Adding driving lights to a vehicle can improve nighttime vision and make the car more attractive. Several hundred styles and colors are available and use standardized mounting hardware to fit virtually any automobile. Installing fog or driving lights involves minimal wiring and can be done by the average driver in about an hour.

Things You'll Need

  • Socket set
  • Electrical tape
  • Screwdrivers
  • Drill
  • Decide on a mounting position for the lights by holding a loose light up to the area to see how it would fasten and look. Many cars have pre-built holes to accommodate lights in their front air dams, complete with mounting brackets, which were an option for the model but not ordered.
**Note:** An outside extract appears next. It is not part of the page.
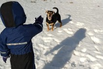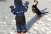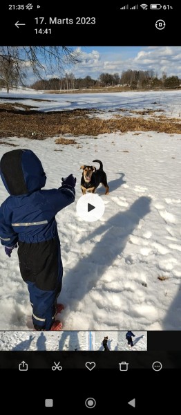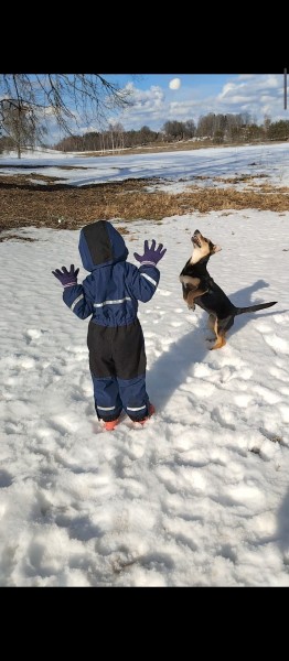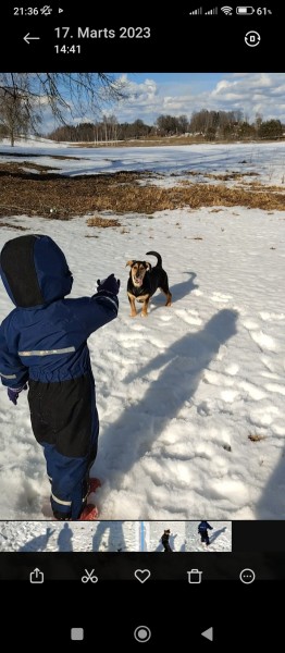 Ap kaklu melna siksniņa ar zaļu piekariņu ar inicjaļiem un manu telefona numuru.

Mounting the driving lights behind the grille can protect the glass from debris, but they may not shine as brightly. Some local laws restrict this mounting position, so check before placing them behind the grille.

  • Fasten the mounting brackets to the selected location by drilling small screw holes or driving screws into the front bumper in a clockwise direction. The optional driving light holes should have mounting plates on the upper lip. The driving light brackets are designed to allow adjustment of the light beam's direction after installation.
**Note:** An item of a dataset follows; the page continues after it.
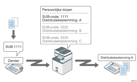 Voordat u faxen ontvangt in een persoonlijk postvak, moet u de afzender informeren over de SUB-code die geregistreerd staat voor het persoonlijke postvak. De ontvangen fax wordt toegewezen aan het persoonlijke postvak met de overeenkomende SUB-code.

  • Connect the driving lights to the brackets with the bolts and nuts provided. It is not necessary to tighten these bolts all the way.

  • Wire the lights to function with a single switch in a convenient location. Connect the light's positive wire leads together, then splice them into a long wire that leads to the switch's output terminal. The splice will have three wires: one to each light and one to the switch. The light's negative leads (or grounds) should be connected together and grounded to the car's frame. Most times, there are bolts and screws in the engine compartment that are grounded to the car, but if none can be found then the battery's negative terminal will do. Wire the switch's input terminal to a hot fuse in the fuse panel by pressing the naked wire into one side of the fuse's metal blade connector. Wrap all splices with a liberal amount of electrical tape; be sure the fuse connection is on one pole only, not both sides of the fuse.

  • Check the light's operation by turning the switch on and off. If the fuse selected is "ignition on," then turn on the car's ignition and check for operation.

  • Aim the beams by turning the lights on and tightening the light's bracket bolt while the beam is focused in the desired direction. Turning on the car's headlights for a reference can help aim the beams.

Tips & Warnings

  • Connecting the lights' positive lead directly to the battery without a fuse is not recommended.
  • Use safety precautions when working on a vehicle's electrical system.